Ich kann an dieser Stelle nicht den weit verbreiteten Werdegang anbieten, dass ich schon als Schüler mit dem Kugelschreiber Geschichten in meinen College-Block geschrieben hätte. Ich habe damals nie auch nur im Entferntesten daran gedacht, dass es mir möglich wäre, eines (oder sogar mehrere) Bücher zu schreiben. Aber ich habe Geschichten jeglicher Art konsumiert – und zwar exzessiv: Filme, Videospiele und ja … sogar Bücher. Die anderen Kinder bekamen Stubenarrest, wenn sie etwas angestellt hatten. Ich musste erstmal nach draußen, bevor ich in dem nächsten Film oder das nächste Videospiel versinken durfte. (Bei Büchern war das anders, was wohl alle Eltern nachvollziehen können.) Pollenallergiker durchs Stubenhocken, Abenteuer im Kopf.

Meine Filmleidenschaft wuchs so weit, dass sich in mir der Berufswunsch formte, Filmregisseur zu werden. Ich habe während der Schulzeit die Pflichtlektüre der Filmhochschulen gelesen. Habe seitdem mehr als 9.000 verschiedene Filme gesehen – von Stummfilmen der 1910er über das Œuvre von Ingmar Bergmann, Akira Kurosawa oder des italienischen Neorealismus bis hin zu südkoreanischen Thrillern der Gegenwart. Erst sah es tatsächlich so aus, als könnte mein Berufswunsch Wirklichkeit werden. Meine Leidenschaft hat mich in unterschiedlichster Funktion an Filmsets geführt: als Aushilfe bei der Aufnahmeleitung, bei der Produktion und bei der Regie. Ich habe mit Charly Hübner und sogar mit Tom Cruise am Set gestanden. Doch letztendlich bin ich das, was die Amerikaner als Film School Reject bezeichnen. Mutmaßlich war ich nicht verwegen genug, es im Jahr nach der Absage noch einmal zu versuchen.

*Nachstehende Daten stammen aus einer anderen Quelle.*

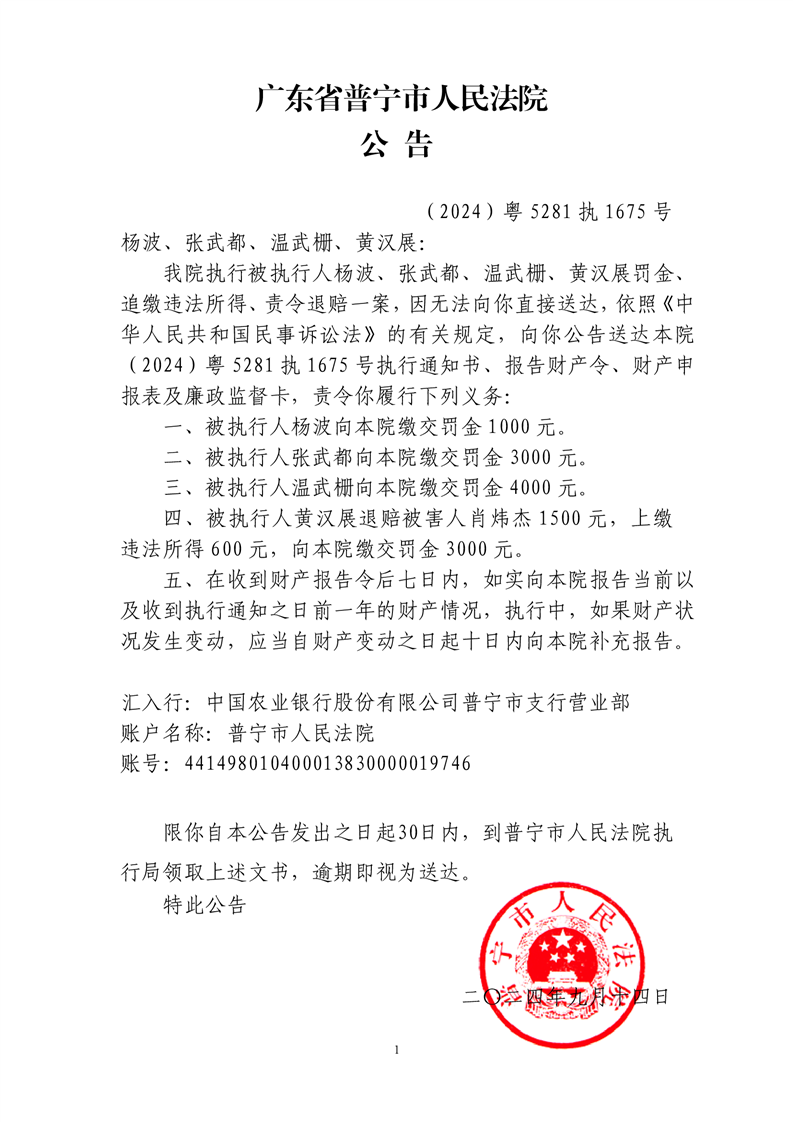 普宁法院执行通知公告(杨波、张武都、温武栅、黄汉展)

Um etwas Handfestes in der Tasche zu haben, habe ich mich dem Film und dem Geschichtenerzählen akademisch angenähert und habe mich für das begehrteste Fach der Unorientierten eingeschrieben: „IrgendwasmitMedien“. In meinem Fall Kommunikationswissenschaft und englische Literatur. Nebenbei habe ich im Kino gejobbt – um kostenlos so viele Filme schauen zu können wie möglich – und neben meinem Magister-Abschluss 129 Kinobesuche in einem einzigen Jahr absolviert.

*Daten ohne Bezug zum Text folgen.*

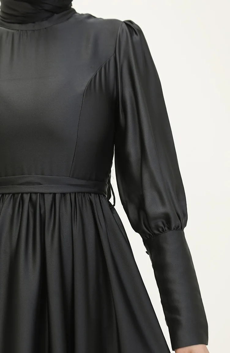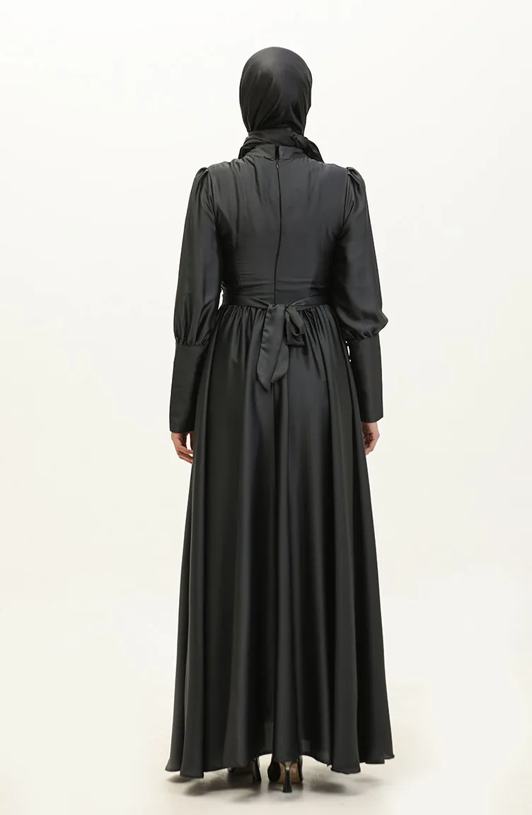 Robe De Soirée Coupe Coupée En Satin 6080-15 Fumé 6080-15

Mit dem Abschluss in der Tasche habe ich für die unterschiedlichsten Zeitungs-, Magazin- und Online- Redaktionen in Essen, Mülheim an der Ruhr sowie in Berlin gejobbt, ein journalistisches Volontariat absolviert und anschließend im Sauerland als Redakteur gearbeitet. Nach mehreren Jahren bei der Tageszeitung habe ich die Seiten gewechselt und bin seitdem in der international aufgestellten Unternehmenskommunikation eines DAX-Konzerns tätig.

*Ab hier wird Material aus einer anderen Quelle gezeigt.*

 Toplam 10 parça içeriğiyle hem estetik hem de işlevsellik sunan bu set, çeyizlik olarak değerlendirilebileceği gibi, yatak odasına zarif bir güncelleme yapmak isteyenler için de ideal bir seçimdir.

Während dieser Reise habe ich stets meiner Leidenschaft und meinen Ambitionen gefrönt, Schriftsteller und Fachbuchautor zu werden. Als zweifacher Familienvater spielen meine Kinder natürlich die Hauptrollen in meinem Leben. Aber wenn die Äuglein zu sind und es dunkel wird, dann setze ich mich wieder an den Laptop. Als mein Fachbuch „Media Center in der Unternehmenskommunikation“ bei Springer Gabler, Deutschlands renommiertesten Wissenschaftsverlag, erschienen ist, habe ich bereits jeden Abend an meinem Herzensprojekt, meinem Roman „Im Sternbild der Hydra“ getüftelt. Ich liebe popkulturell verwurzelte Geschichten und wollte genau so eine erschaffen, die jenseits von Nostalgie und (Insider-)Verweisen charmante Figuren und eine packende Handlung mit sich bringt. Ich hoffe sehr, dass mir das mit Pollys erstem Abenteuer gelungen ist. Wenn es so ist, lass es mich wissen (und genauso offen für Lob bin ich auch für kritische Zuschriften): LINK.

Ich freue mich von dir zu lesen.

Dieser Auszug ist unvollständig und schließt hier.